THE DATA

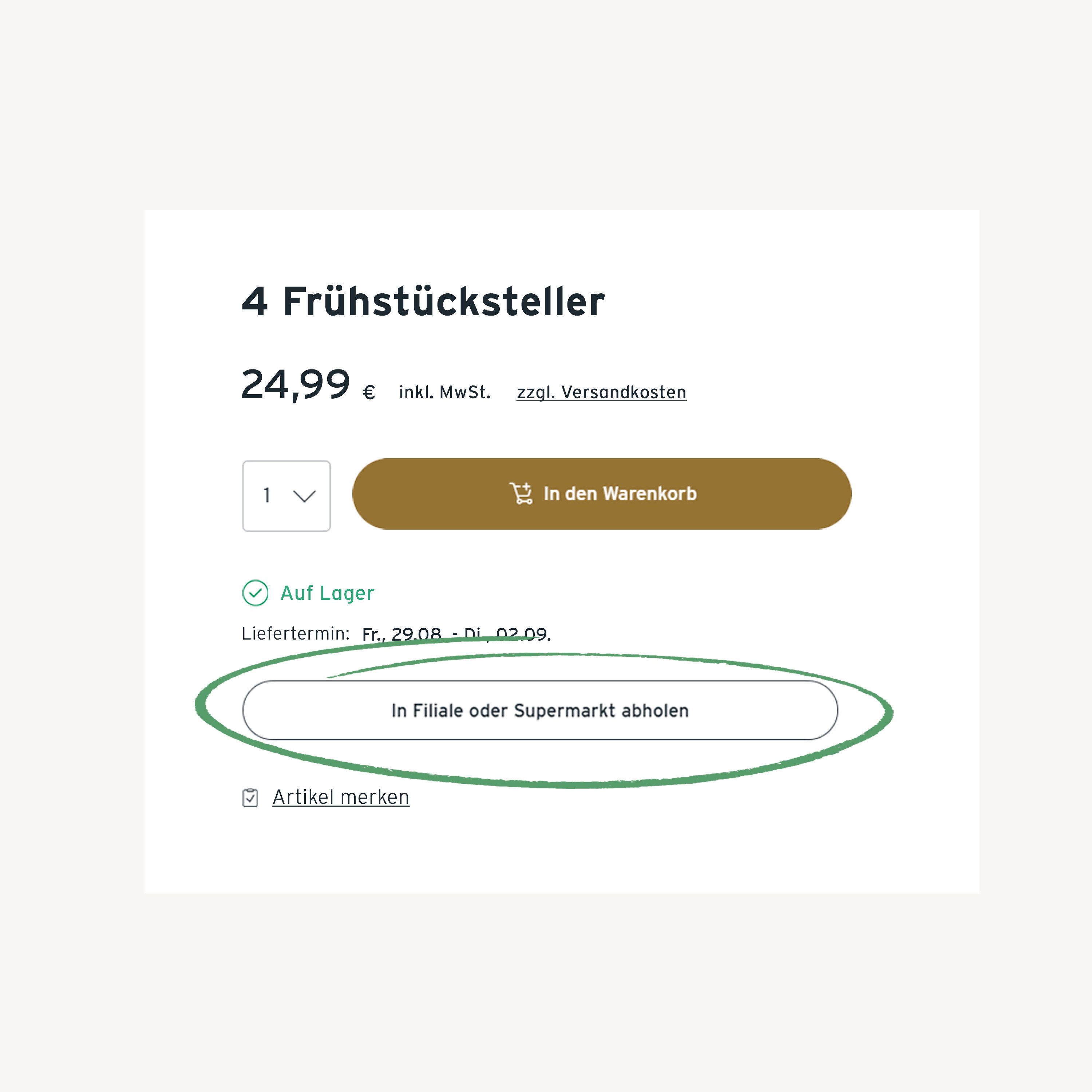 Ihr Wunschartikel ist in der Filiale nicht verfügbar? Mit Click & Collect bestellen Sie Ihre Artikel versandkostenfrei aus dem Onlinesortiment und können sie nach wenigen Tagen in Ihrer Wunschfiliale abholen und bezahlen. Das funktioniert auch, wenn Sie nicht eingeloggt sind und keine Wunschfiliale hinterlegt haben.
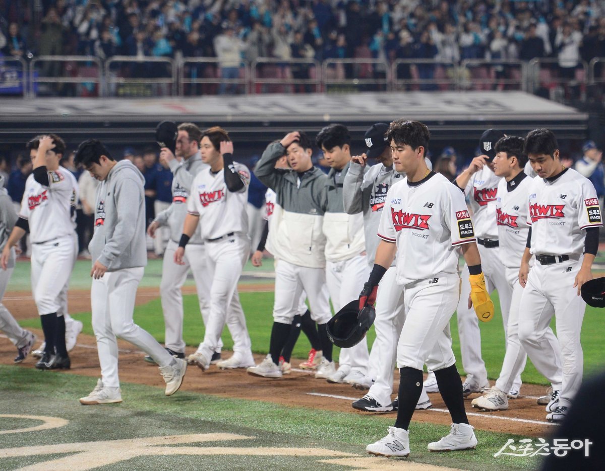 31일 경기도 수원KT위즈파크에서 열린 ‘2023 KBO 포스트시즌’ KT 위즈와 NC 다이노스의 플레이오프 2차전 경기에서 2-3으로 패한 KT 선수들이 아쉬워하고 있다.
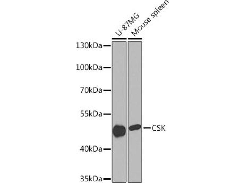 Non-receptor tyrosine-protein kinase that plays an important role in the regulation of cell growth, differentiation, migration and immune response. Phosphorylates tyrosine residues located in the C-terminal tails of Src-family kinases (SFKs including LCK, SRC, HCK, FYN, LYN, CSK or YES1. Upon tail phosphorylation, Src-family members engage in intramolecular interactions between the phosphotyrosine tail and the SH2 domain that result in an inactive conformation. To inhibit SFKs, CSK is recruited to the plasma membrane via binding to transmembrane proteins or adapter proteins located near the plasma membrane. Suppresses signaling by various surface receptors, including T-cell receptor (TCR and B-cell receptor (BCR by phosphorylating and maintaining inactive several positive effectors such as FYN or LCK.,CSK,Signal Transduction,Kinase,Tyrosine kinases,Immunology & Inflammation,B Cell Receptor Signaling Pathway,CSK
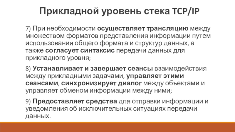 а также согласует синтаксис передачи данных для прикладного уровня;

TASK TO CARRY OUT
Where the material above includes pictures, omit them and retype everything else exactly.

RESPONSE
 Ihr Wunschartikel ist in der Filiale nicht verfügbar? Mit Click & Collect bestellen Sie Ihre Artikel versandkostenfrei aus dem Onlinesortiment und können sie nach wenigen Tagen in Ihrer Wunschfiliale abholen und bezahlen. Das funktioniert auch, wenn Sie nicht eingeloggt sind und keine Wunschfiliale hinterlegt haben.
 31일 경기도 수원KT위즈파크에서 열린 ‘2023 KBO 포스트시즌’ KT 위즈와 NC 다이노스의 플레이오프 2차전 경기에서 2-3으로 패한 KT 선수들이 아쉬워하고 있다.
 Non-receptor tyrosine-protein kinase that plays an important role in the regulation of cell growth, differentiation, migration and immune response. Phosphorylates tyrosine residues located in the C-terminal tails of Src-family kinases (SFKs including LCK, SRC, HCK, FYN, LYN, CSK or YES1. Upon tail phosphorylation, Src-family members engage in intramolecular interactions between the phosphotyrosine tail and the SH2 domain that result in an inactive conformation. To inhibit SFKs, CSK is recruited to the plasma membrane via binding to transmembrane proteins or adapter proteins located near the plasma membrane. Suppresses signaling by various surface receptors, including T-cell receptor (TCR and B-cell receptor (BCR by phosphorylating and maintaining inactive several positive effectors such as FYN or LCK.,CSK,Signal Transduction,Kinase,Tyrosine kinases,Immunology & Inflammation,B Cell Receptor Signaling Pathway,CSK
 а также согласует синтаксис передачи данных для прикладного уровня;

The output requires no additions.